YOUR SOLIN GENERATED RECIPE
Protein-Packed Butternut Squash Mac and Cheese
Enjoy a creamy twist on the classic mac and cheese that’s boosted with protein and the natural sweetness of butternut squash. This dish features whole wheat pasta, a velvety squash puree, and a blend of reduced-fat cheddar and Greek yogurt, with tender diced chicken breast for an extra protein punch. It's a comforting, nutrient-dense meal perfect for any time of day.
INGREDIENTS
2 oz Whole Wheat Pasta (cooked)
1/2 cup Butternut Squash Puree
1/4 cup Reduced-Fat Cheddar Cheese, shredded
1/4 cup Nonfat Milk
1/4 cup Nonfat Greek Yogurt
2 oz Diced Chicken Breast
1/2 tsp Garlic Powder
1/2 tsp Dry Mustard
Salt and Pepper to taste
PREPARATION
Bring a pot of salted water to a boil. Add the whole wheat pasta and cook until al dente, about 8-10 minutes. Drain and set aside.

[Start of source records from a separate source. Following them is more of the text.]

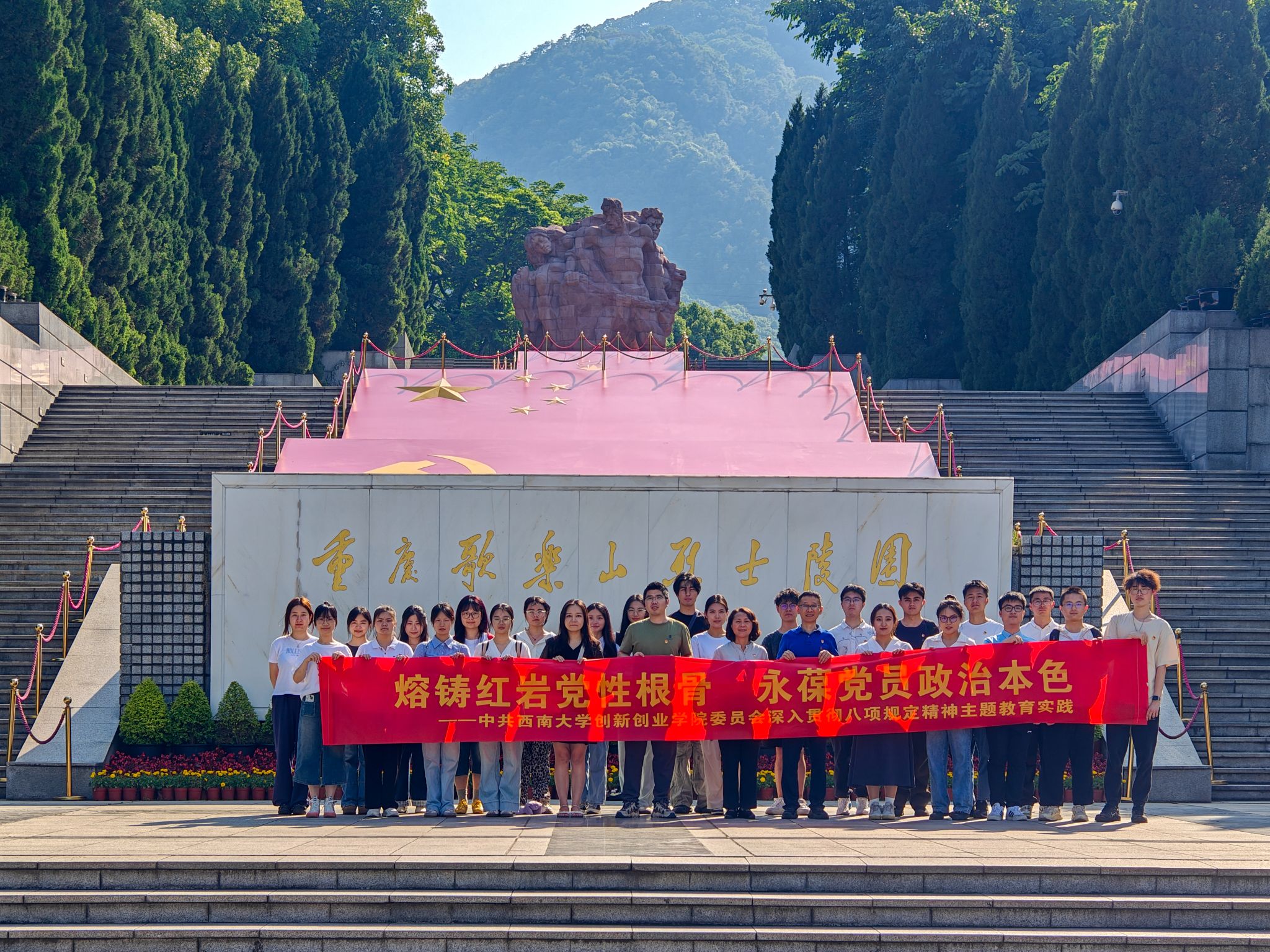 6月12日,公司党委组织全体2025届毕业生党员代表前往重庆沙坪坝红岩魂教育基地开展“熔铸红岩党性根骨,永葆党员政治本色”主题教育活动,通过实地研学、沉浸式教学深化主题教育成果。大家集体参观白公馆、渣滓洞旧址,通过斑驳的刑具、狭窄的牢房、珍贵的史料和讲解员动情讲述,深刻感悟江竹筠、陈然等革命志士“烈火中永生”的忠诚信仰。一张张历史照片、一段段狱中绝笔,生动再现了红岩英烈们“宁关不屈、宁死不降”的浩然正气,令在场党员无不动容。在庄严肃穆的红岩魂广场,全体党员列队肃立,面向党旗重温入党誓词。“我志愿加入中国共产党……”铿锵誓言回荡广场,彰显新时代青年党员继承革命遗志、勇担时代使命的坚定决心。公司党委要求全体毕业生党员要以红岩精神为镜,永葆政治本色,将个人理想融入国家发展伟业,在新征程上书写无愧于党和人民的答卷。
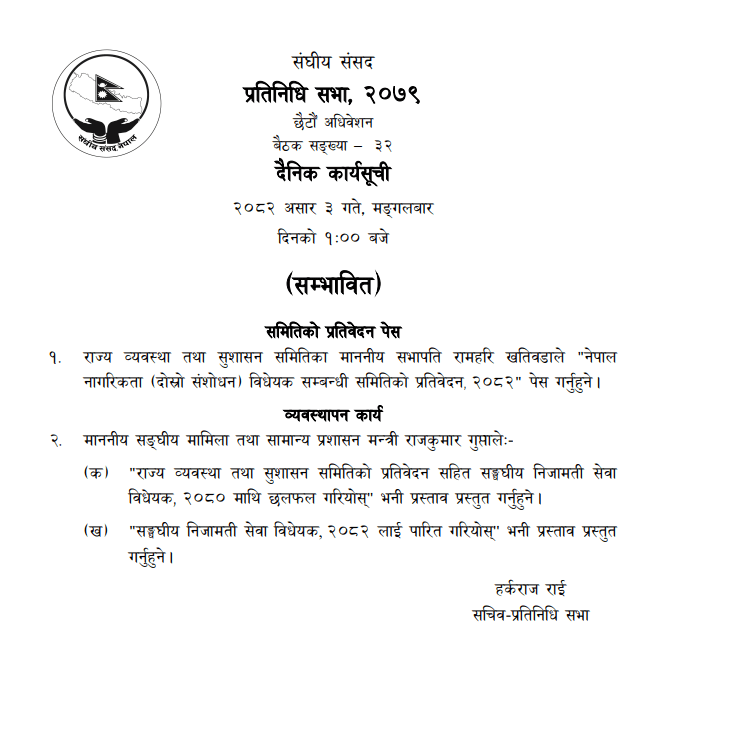 यस्तै, राज्य व्यवस्था तथा सुशासन समितिका सभापति रामहरि खतिवडाले ‘नेपाल नागरिकता (दोस्रो संशोधन) विधेयकसम्बन्धी समितिको प्रतिवेदन, २०८२’ पेस गर्ने कार्यसूची निर्धारण गरिएको छ ।
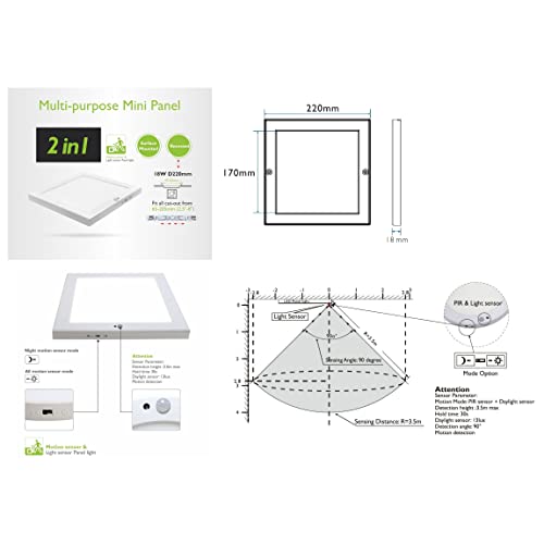 Lampada da soffitto con pannello a LED da 230 V, con rilevatore di movimento e sensore crepuscolare, 18 Watt, 1300 lumen (bianco caldo), 1500 lumen (colore bianco diurno).

While the pasta cooks, heat a small skillet over medium heat and add the diced chicken breast. Season with a pinch of salt, pepper, and garlic powder. Sauté until fully cooked, about 5-6 minutes. Remove from heat.
In a small saucepan, combine the butternut squash puree, nonfat milk, nonfat Greek yogurt, and dry mustard. Stir over low-medium heat until the mixture is warmed through and smooth.
Add the reduced-fat cheddar cheese to the sauce and stir until melted and well incorporated.
Combine the cooked pasta, chicken, and cheese-squash sauce in a large bowl. Season with additional salt and pepper if desired, and mix thoroughly.
Serve warm and enjoy your protein-packed twist on classic mac and cheese.